Prospective studies should focus on mechanistic links between transfusion, inflammation, and lung injury; the impact of specific ventilator‑management protocols in trauma populations; and randomized or quasi‑experimental evaluation of system‑level interventions to reduce ARDS mortality.
Conclusion / Summary
This large NTDB cohort study (2007–2019) reports a marked decline in documented ARDS incidence among ventilated trauma patients but a paradoxical rise in crude ARDS mortality. ARDS independently predicted 30‑day in‑hospital death after adjustment for confounders. Key modifiable correlates include sepsis, VAP, AKI, and transfusion exposures; center characteristics and access to advanced support correlated with outcomes. These findings argue for intensified prevention efforts, optimization of transfusion and ventilator practices, and policies that promote rapid access to specialized ARDS care.
Funding and clinicaltrials.gov
Funding details and trial registration were not provided in the abstract.
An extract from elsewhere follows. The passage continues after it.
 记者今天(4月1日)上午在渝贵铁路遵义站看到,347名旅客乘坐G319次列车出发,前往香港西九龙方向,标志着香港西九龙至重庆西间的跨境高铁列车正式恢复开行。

See the original publication for full disclosures.
References
1. Geng Z, Hynes AM, Moren AM, Christie JD, Mangalmurti NS, Li P, Gallagher JJ, Abella BS, Nam JJ, Schmulevich D, Nathens AB, Reilly PM, Zonies DH, Kaplan LJ, Cannon JW. Acute Respiratory Distress Syndrome in Trauma 2007-2019: Comprehensive Patient and Center-Level Retrospective Cohort Analysis. Crit Care Med. 2025 Nov 12. doi: 10.1097/CCM.0000000000006936. Epub ahead of print. PMID: 41222422.
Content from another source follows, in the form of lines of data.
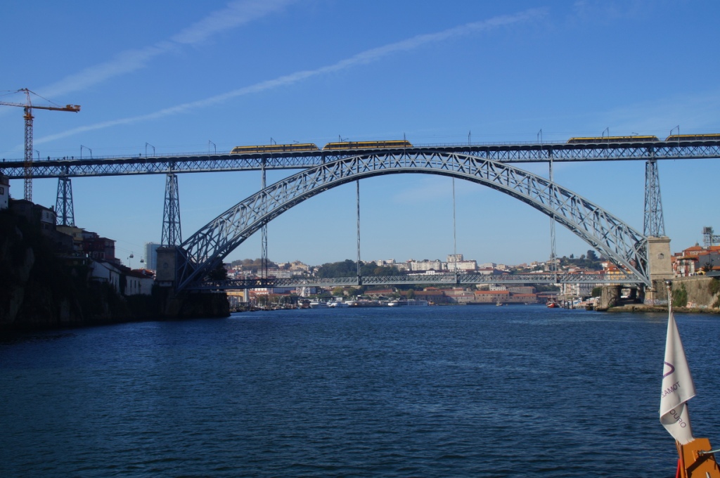 Am nächsten Morgen nach dem Frühstück laufen wir die vielen Treppen hinunter nach Ribeira. Heute morgen wollen wir zu allererst die Schiffahrt auf dem Douro machen. Wir haben Glück und es stehen noch nicht viele Leute an. Das Schiff fährt zuerst unter dem Ponte Luis durch und weiter bis nach der Eisenbahnbrücke, die fast gleich aussieht wie der Ponte Luis und dann zurück bis zur Autobahnbrücke. Vom Schiff aus hat man eine tolle Aussicht auf die beiden Stadtteile Porto und Gaia.
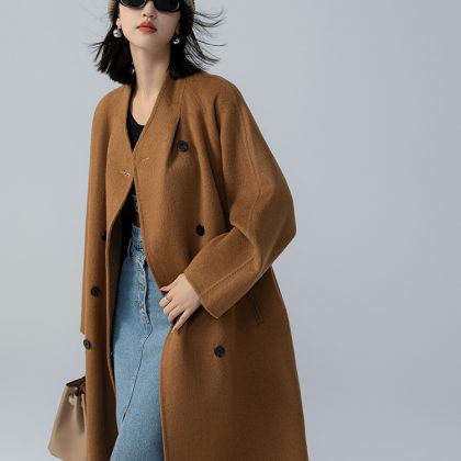 | nameOriginal | Round neck double-sided wool coat women's long loose Korean style Alashan camel coat autumn and winter New woolen coat |
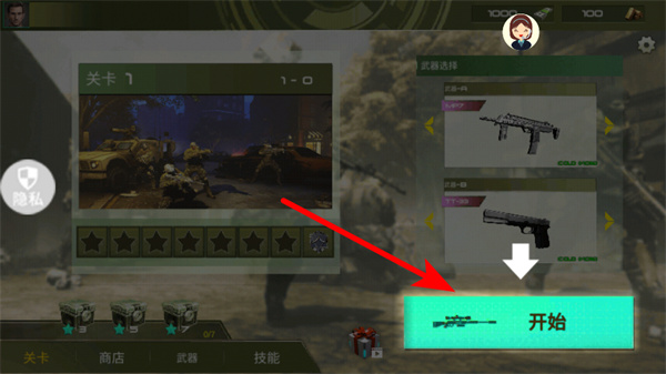 1、点击右下角绿色开始按钮,进入关卡1,开启FPS射击对战。
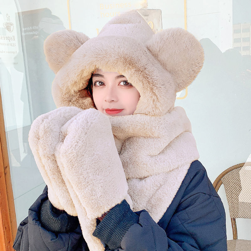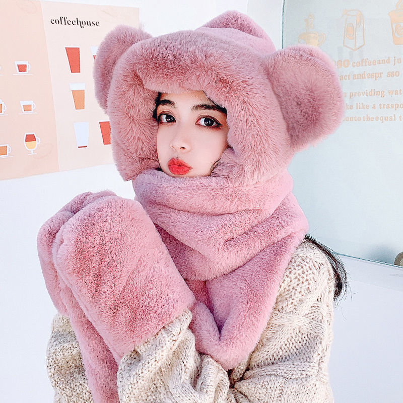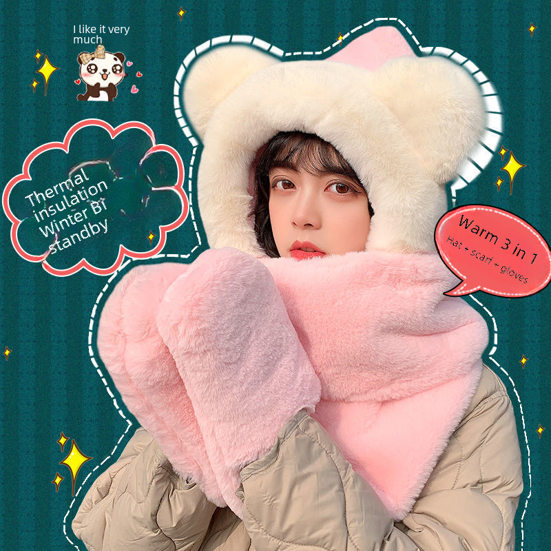 Hat Women’s Autumn and Winter Bear Thickened Warm Internet Popular All-match Cute Plush Scarf Three-piece One-piece Hat
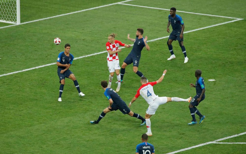 Hậu vệ Croatia phá bóng từ quả phạt góc, bóng trúng tay !!!
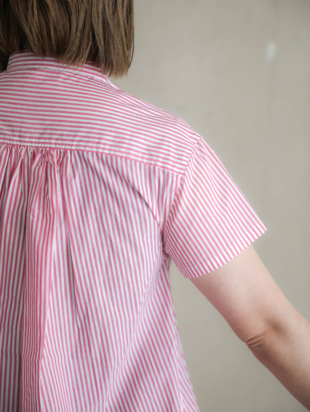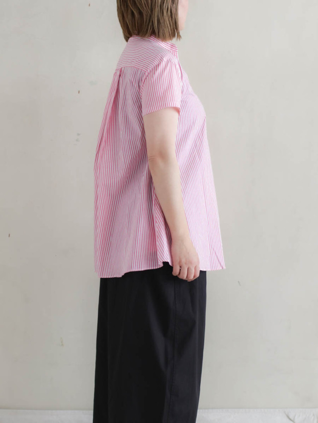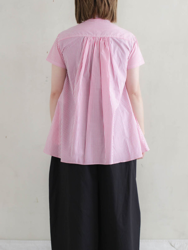 背中にギャザーが入り、裾に向かってふわっと広がるよう作られたフレアシルエットのブラウスです。
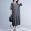 Kleid für Damen Baumwolle Übergröße Locker Stretch Lässig Einfarbig Weich Langarmkleider
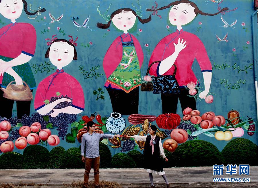 10月1日,游人在和平村的民居壁画前留影。 新华社记者 任珑 摄
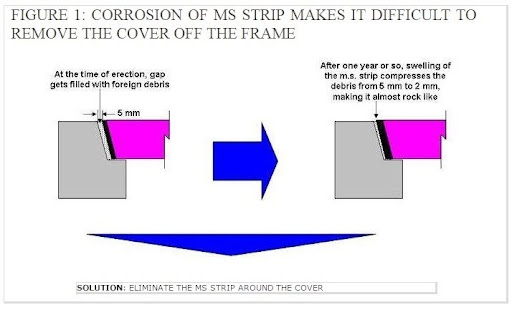 Removed the metal strip around the cover to eliminate rust swelling and ensure easy removal.
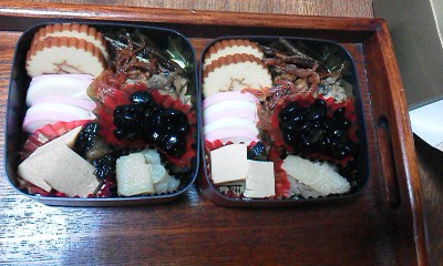 元日は好きな物が入った一人用おせちとお雑煮でお祝い。あとは、すき焼き、海鮮丼、エビの姿焼、ケーキ等スペシャルメニューで盛りだくさん。

2. Ranieri VM, Rubenfeld GD, Thompson BT, et al.; ARDS Definition Task Force. Acute respiratory distress syndrome: the Berlin Definition. JAMA. 2012;307(23):2526–2533.
3. Peek GJ, Mugford M, Tiruvoipati R, et al.; CESAR Trial Collaboration. Efficacy and economic assessment of conventional ventilatory support versus extracorporeal membrane oxygenation for severe adult respiratory failure (CESAR): a multicentre randomised controlled trial. Lancet. 2009;374(9698):1351–1363.
Additional relevant literature on transfusion‑related lung injury, ventilator bundles, and trauma resuscitation should be consulted for protocol development and local quality improvement initiatives.